He's at the age where he can, with some effort, operate most doors, giving doorknobs some natural fascination.
My wife gamely showed him how the latch retracts when the knob is turned. He spent the next few days excitedly looking in the crack between the door and frame to watch the latch retract every time we opened a door.
Simon had learned something new about his world. He found enormous wonder in this (his exact words: "wow, that's so cool!").
Meanwhile, I was worried he was going to probe deeper. Did I really understand how a doorknob worked? Was I adequately prepared for any doorknob-related questions this three-year-old could throw at me?
I decided that I better proactively become a doorknob expert.
I figured the basic mechanism by which doorknobs work must be pretty simple: if there was something "sticking off" of the internal part of the knob being rotated, it could push something horizontally, transforming that rotation into a horizontal movement that moves the latch.
But I had to do some research to make sure I was right before I did the unthinkable and misinformed Simon, who would naively accept any explanation I gave, possibly never to be questioned. I couldn't doom Simon to misunderstanding doorknobs forever. That's not the kind of life I want for my kids.
It turned out I was right about the basic mechanism—the "spindle" of the knob spins the "cam drive units" which move the "transmission plate" horizontally (it's kind of amazing how much technical doorknob jargon there is).
But what I didn't even think about is how the knob and latch return to their places. It didn't even occur to me that every time I turn a doorknob, it rotates back into its default state when I let go.
Of course, in retrospect, it's obvious: there are springs that push the latch back into place and that pull the doorknob back into its neutral position.
The thing is, I didn't think to ask myself about it. I was taking it for granted. Even after thinking about doorknobs a bit, I still had a shallow model of how they worked.
Sketchy Models of the World
Maybe I'm a doorknob idiot.

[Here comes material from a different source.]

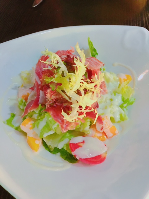 乳酪芒果雜菜沙律配西班牙48個月黑毛豬風乾腿, 清爽沙律菜加埋咸香黑毛豬風乾腿, 食到少少油香感, 配以酸甜度適中既乳酪醬汁, 夠晒醒胃

But research shows that, in general, we have superficial understandings of how simple everyday things work.
The canonical study was done by Rebecca Lawson and involved having people try to draw the parts of a bicycle.
Participants were asked to add to this sketch of a bicycle the additional parts of the frame, the pedals, and the chain.
People drew all kinds of wacky things:
The point isn't that people can't say where the different parts of a bike go. It's that every single one of these examples shows a bike that could not be functional. For example, the chain cannot go around the front wheel, otherwise you would be unable to turn.
Not everyone made errors (cycling experts did pretty well), but the majority did. The study concludes:
Together, these results suggest that people have a vague, fragmentary, and often inaccurate understanding of how many everyday objects function
I'm not pointing this out to defend my doorknob idiocy or as a simple dunk on all of us ("LOL we're all so dumb"). There's a more interesting lesson: We're constantly surrounded by opportunities to understand our world more deeply.
Home Ownership: The Interconnectedness of Knowledge
Maybe doorknobs and bicycles are a bit mundane. Their operation is based on well-understood physical principles, we just don't think through how these physical principles work in every single physical item we come across.
But with many physical principles, understanding them in one place opens our eyes to how other things work.
Before owning a house, I took all the infrastructure of modern amenities for granted. Electricity comes out of outlets and water comes out of faucets. Of course I knew wires and pipes were involved, but I never thought about it.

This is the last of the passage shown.